Announcement

Collapse
No announcement yet.
X
  • Filter
  • Time
  • Show
Clear All
new posts

  • Stata: Split sample regression vs Regression with interaction term

    Hi,

    I need some advice on interpreting Stata output for split sample regression versus regression with interaction term. My objective is to tell the [slope] difference, if any, between two groups [using a dummy].

    Attached is a sample Stata log file. The dependent variable is the Republican vote share in elections, the key independent variable is inflation, the dummy is 84 [coded 0 for before 1984, and 1 for 1984 and after], the controls are GDP and the Republican vote share in the last election. The interaction term is inflation*84.

    My questions are:

    1. How to explain the different coefficients [slopes] results for Inflat by the 2 regressions in Stata? Specifically:

    a. The coefficients are not the same between the Split sample regression [-0.0076 for 84=0; -0.0035 for 84=1] and the Regression with interaction term [-0.0075 for 84=0; -0.0037 for 84=1]. [Note: if I include no control variables, the slopes for Inflat are all the same for the 2 approaches.]
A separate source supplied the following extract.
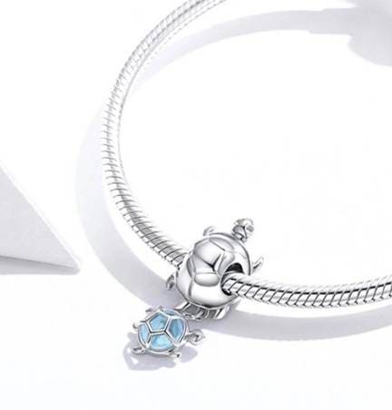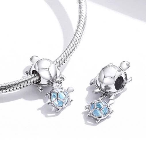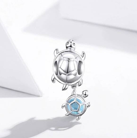 Perfect gift for mum. A cute mother and baby turtle charm in sterling silver, finished with a blue zirconia gemstone.
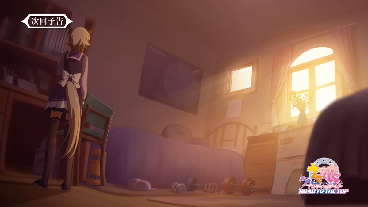 1話の部屋のカットだと死角に居た模様(=ω=【次回予告】アニメ『ウマ娘 プリティーダービー ROAD TO THE TOP』第2話「栄光の舞台」 youtu.be/7wcagz0RZa0アヤベさんの涙はやばい

    b. In the Split sample regression, the coefficient for Inflat is significant for 84=0 but insignificant for 84=1; but in the Regression with interaction term, the coefficient for the interaction term [hence the slope difference between 84=0 and 84=1] is insignificant [p-value=0.232].

    2. How to relate and reconcile the slope analyses between the two Stata outputs?

    3. When should I choose Split sample regression over Regression with interaction term, and vice versa?

    I searched different sources in trying to understand why the differences but not much luck. I would be very grateful if the experts could give advice to my questions.

    Thank you.


    Regards,

    Ken
    Attached Files
    Last edited by Ken Wand; 12 Dec 2014, 11:47.

  • #2
    Sorry, Ken: no Stata .log file is attached to your post.
    Kind regards,
    Carlo
    (Stata 19.0)

    Comment


    • #3
      Hi,

      I tried to upload a pdf file for the Stata log multiple times but the Forum rejected it. Can someone tell me what's wrong?

      Comment


      • #4
        1. How to explain the different coefficients [slopes] results for Inflat by the 2 regressions in Stata?
        If you run two separate regression models all coefficients are allowed to differ between the two groups. If you have one interaction term in you model, only the coefficient for the variable involved is allowed to differ. Therefore the two approaches are not equivalent, hence different results are likely. This is also explains why,

        if [you] include no control variables, the slopes for Inflat are all the same for the 2 approaches.


        3. When should I choose Split sample regression over Regression with interaction term, and vice versa?
        That depends on whether you want to restrict the coefficients to be same for the groups, with the exception of the explicitly specified product terms.

        Best
        Daniel

        Comment


        • #5
          Dear Daniel,

          Thank you very much for your reply.

          So the two approaches are different. Please forgive me, may I clarify with you on what exactly do you mean by:

          - 'two separate regression models all coefficients are allowed to differ...'
          > do you mean all coefficients of Inflat, Gdp, LastVote are allowed to change wrt dummy 84?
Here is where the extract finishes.